== Records for the task ==
⁂

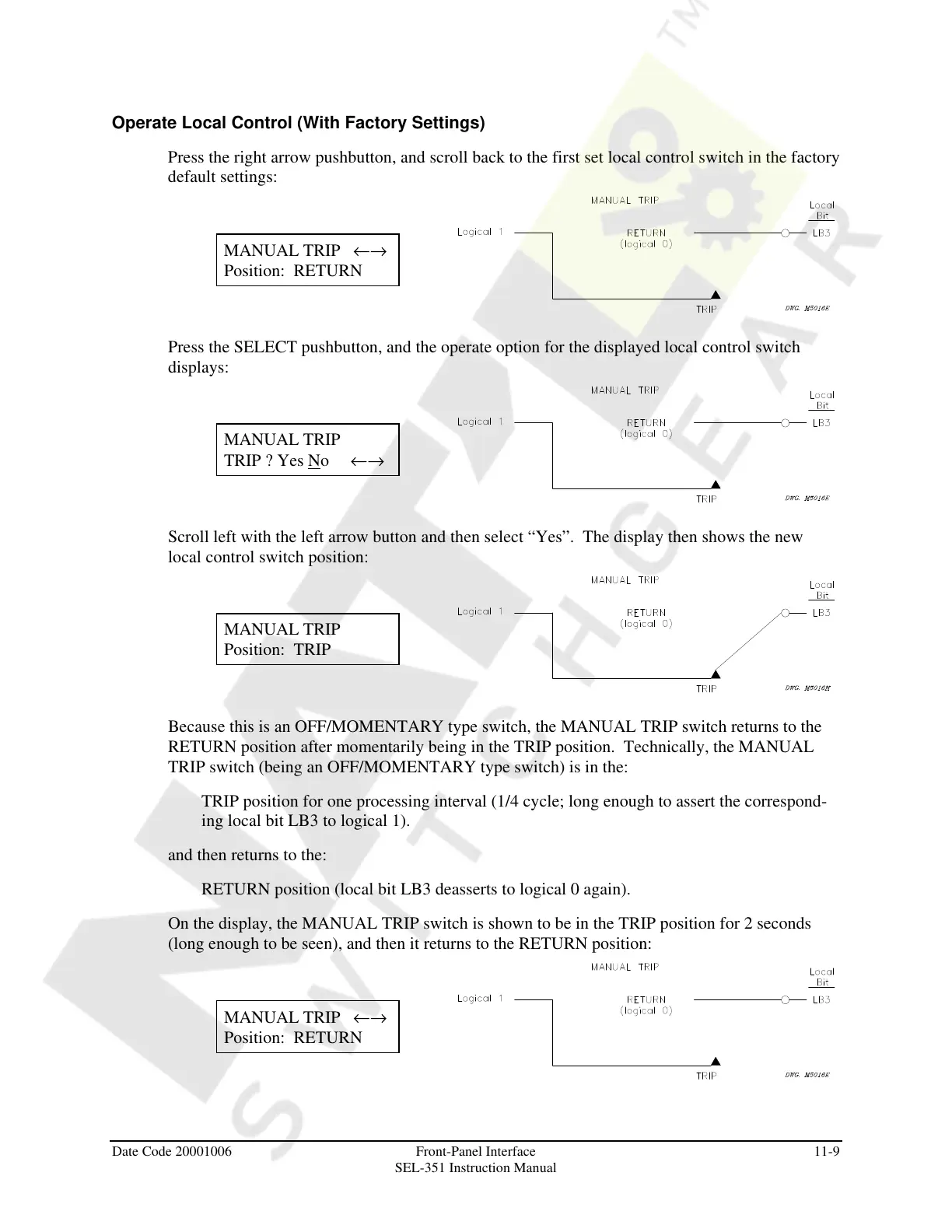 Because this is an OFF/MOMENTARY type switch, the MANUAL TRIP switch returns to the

⁂

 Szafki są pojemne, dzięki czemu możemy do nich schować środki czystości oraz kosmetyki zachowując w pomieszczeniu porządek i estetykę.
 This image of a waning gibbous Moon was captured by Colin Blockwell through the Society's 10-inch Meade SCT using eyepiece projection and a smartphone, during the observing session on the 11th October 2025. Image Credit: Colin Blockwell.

⁂

== Requirement ==
Above are the records; copy exactly the lines from the line with "Szafki są pojemne, dzięki" through the line with "This image of", both included.

== Solved problem ==
 Szafki są pojemne, dzięki czemu możemy do nich schować środki czystości oraz kosmetyki zachowując w pomieszczeniu porządek i estetykę.
 This image of a waning gibbous Moon was captured by Colin Blockwell through the Society's 10-inch Meade SCT using eyepiece projection and a smartphone, during the observing session on the 11th October 2025. Image Credit: Colin Blockwell.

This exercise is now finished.